And Tony B. sent along an article regarding the tax consequences: http://globaleconomicanalysis.blogspot.com/2013/07/tax-nightmare-of-eminent-domain.html?utm_source=twitterfeed&utm_medium=twitter&utm_campaign=Feed:+MishsGlobalEconomicTrendAnalysis+(Mish’s+Global+Economic+Trend+Analysis)&m=1.
The latest news this week comes from the FHFA, which conserves (isn’t that what a conservator does?) Freddie & Fannie, threatening to choke off mortgage lending in cities that use eminent domain to seize underwater loans from lenders. “The salvo from the Federal Housing Finance Agency came Thursday, on the heels of a lawsuit directed by major Wall Street firms and U.S.-sponsored mortgage giants Fannie Mae and Freddie Mac against the Bay Area city of Richmond. Richmond wants to require lenders and investors to sell underwater mortgages at a deep discount. The city would then refinance borrowers into more-affordable mortgages. The FHFA announced it would instruct Fannie and Freddie to “limit, restrict or cease business activities” in any jurisdiction using eminent domain to seize mortgages. I would call that a big stick: http://www.latimes.com/business/la-fi-eminent-domain-lawsuit-20130809,0,6390434.story.
But, “What is the big deal about eminent domain?” Yes, it is “only” going after private label (like jumbo, or non-agency) loans, but there is a concern that it would soon spread to agency securities – and what investor wants to own a security whose value might go down chunk by chunk?
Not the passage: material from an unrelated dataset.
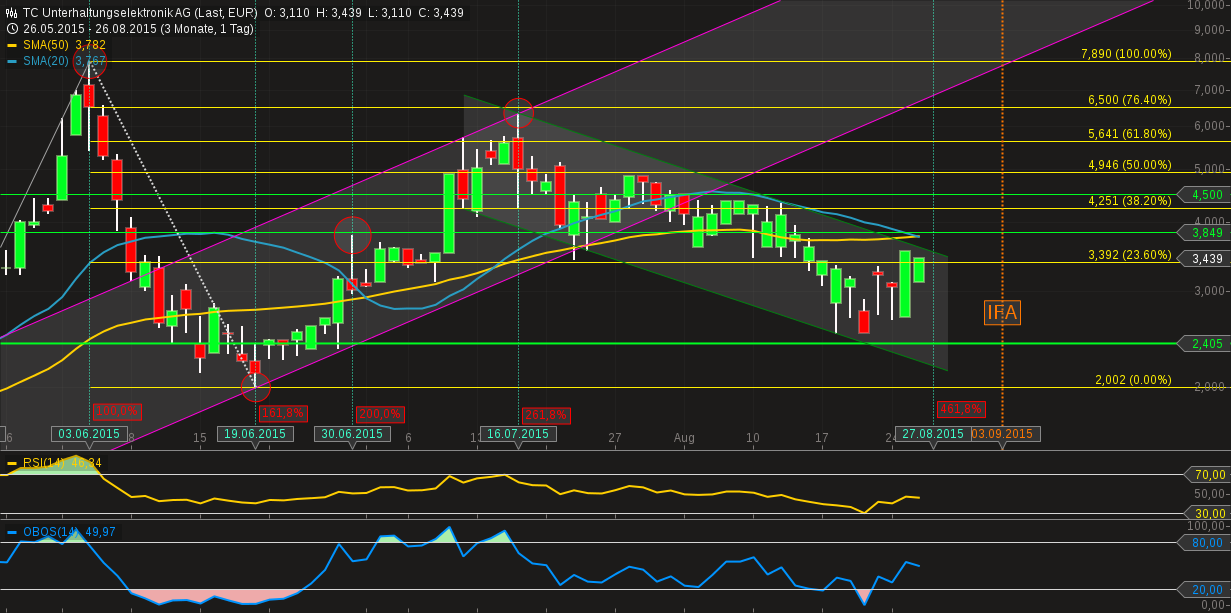 Zum Chart sagte ich schon, dass der Abwärtstrend korrekt ist. Ist aber nicht der übergeordnete. Und weil der TCU auch mit zehn gehandelten Aktien 15 Prozent bewegt werden kann, ist Charttechnik hier im Detail Makulatur.

Recall that several months ago a NY Fed paper proposed an eminent domain solution to underwater mortgages: http://www.newyorkfed.org/research/current_issues/ci19-5.html. Cornell’s Robert Hockett wrote the paper, which calls on some level of government to fix “market failures” of private-label securitizations and allow eminent domain to be used to seize and/or write down creditors’ claims on underwater borrowers. The Cornell academic noted that, “It is doubtful many homebuyers during the bubble years had much choice when it came to buying overvalued homes…a moral hazard can be prevented as it is easy to formulate criteria that doesn’t encourage strategic defaults. Key points included, “Little need to fear” resultant long-term contraction in liquidity or credit as bubbles can only inflate during times of easy credit availability; we want “credit-caution” going forward, write downs are done “all the time” on non-mortgage debt via bankruptcy, preventing foreclosures, blight, revenue losses, service cutbacks “is recognized by courts” as justification for invoking eminent domain, and political authorities use compulsion to take property for public use “all the time.”
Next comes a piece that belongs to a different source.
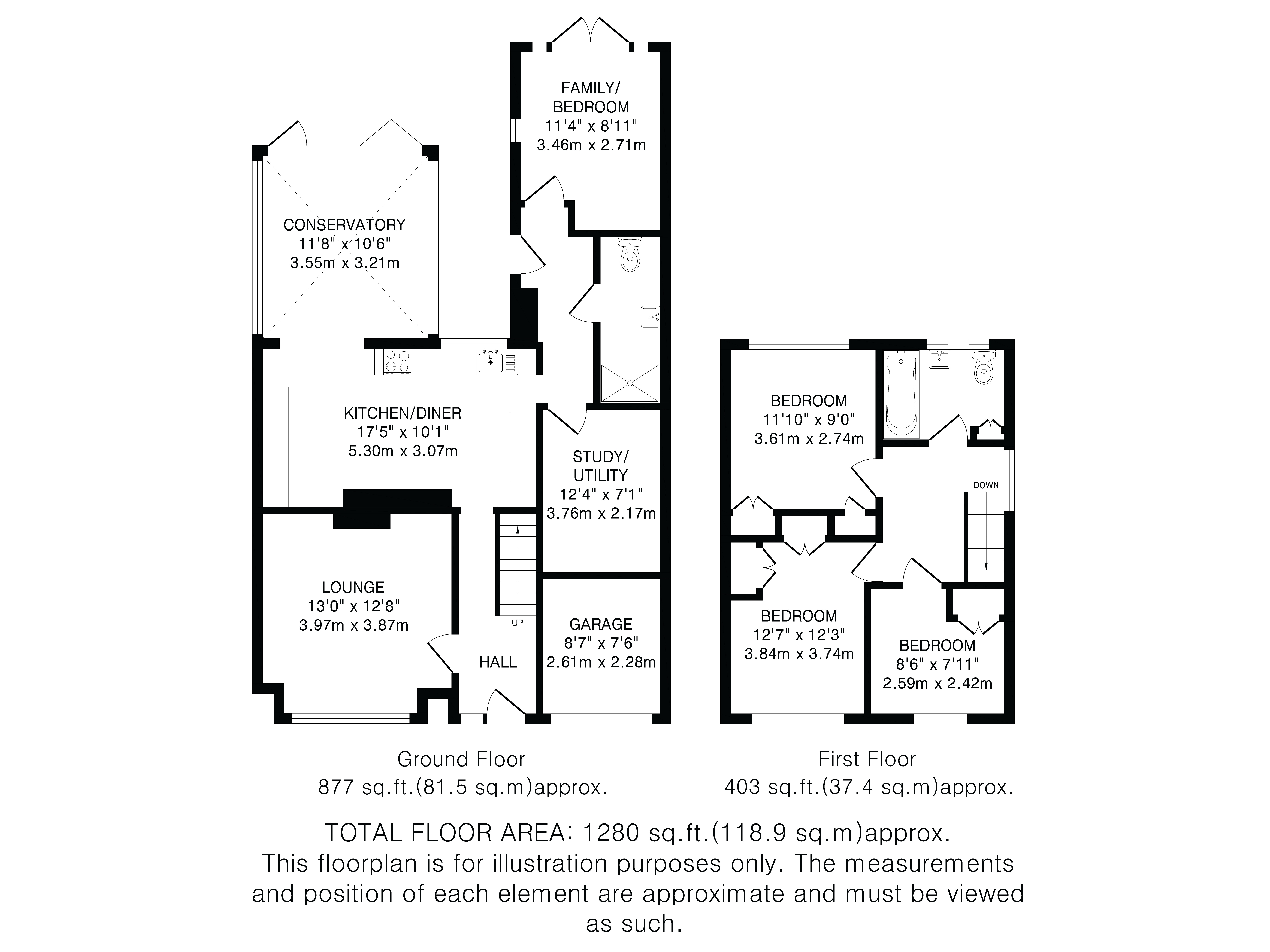 The former garage has been thoughtfully reconfigured to maximise versatility. It retains useful storage space to the front, while the remainder has been partially converted and extended to provide a generous study/utility, a contemporary downstairs shower room, and an additional family room or fourth bedroom with double doors opening onto the garden.
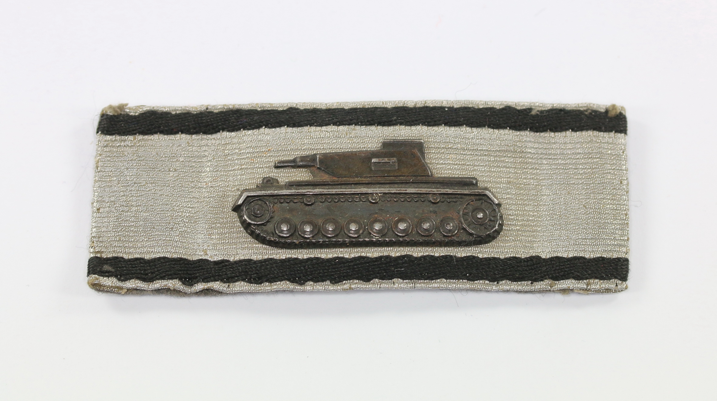 Sehr guter, ungetragener Zustand. Der Panzer aus geschwärzten Eisen. Vollständig mit allen drei Splinten, der Gegenplatte und der für frühe Stücke typischen Abdeckung aus blauen Filz. Ohne Hersteller, aber eine bekannte Variante, siehe Dirk Schneider, Das Panzervernichtungsabzeichen sowie das Tieffliegervernichtungsabzeichen. Maße ca. 85 x 30 mm.

Mortgage Resolution Partners is a Northern California firm led by Steven Gluckstern. He is a former insurance executive, ex-New York Islanders co-owner, and member of the national finance committee for President Barack Obama’s 2008 election. The theory is that the plan is a means to help borrowers reduce loan balances in cases where the remaining mortgage payments are more than the homes are worth. In the past, eminent domain allowed a government to forcibly acquire property that is then reused in a way considered good for the public—new housing, roads, shopping centers and the like. Owners of the properties are entitled to compensation, which is usually determined by a court. Instead of tearing down property, MRP is trying to persuade cities to put eminent domain to a highly unorthodox use to keep people in their homes. The cities would acquire underwater mortgages from investors and cut the loan principal to match the current property value. Then, they would resell the reduced mortgages to new investors, possibly using loans backed by federal agencies, with MRP collecting a fee.
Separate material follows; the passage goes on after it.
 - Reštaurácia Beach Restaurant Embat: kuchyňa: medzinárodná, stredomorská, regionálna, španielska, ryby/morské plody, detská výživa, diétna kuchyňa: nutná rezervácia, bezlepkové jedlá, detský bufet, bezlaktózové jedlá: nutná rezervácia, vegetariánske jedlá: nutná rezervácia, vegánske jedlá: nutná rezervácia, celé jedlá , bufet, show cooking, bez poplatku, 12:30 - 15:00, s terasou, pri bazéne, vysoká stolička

Mortgage investors say the eminent-domain tactic, which targets loans that are current, does nothing to help borrowers who most need help. They also say the program works only if judges assign a price to loans that are below their market value. “What investor in their right mind would ever invest money in a community where you could get wiped out like that?” said David Stevens, chief executive of the Mortgage Bankers Association. “The people who are going to pay the costs for this are the communities duped into this idea.”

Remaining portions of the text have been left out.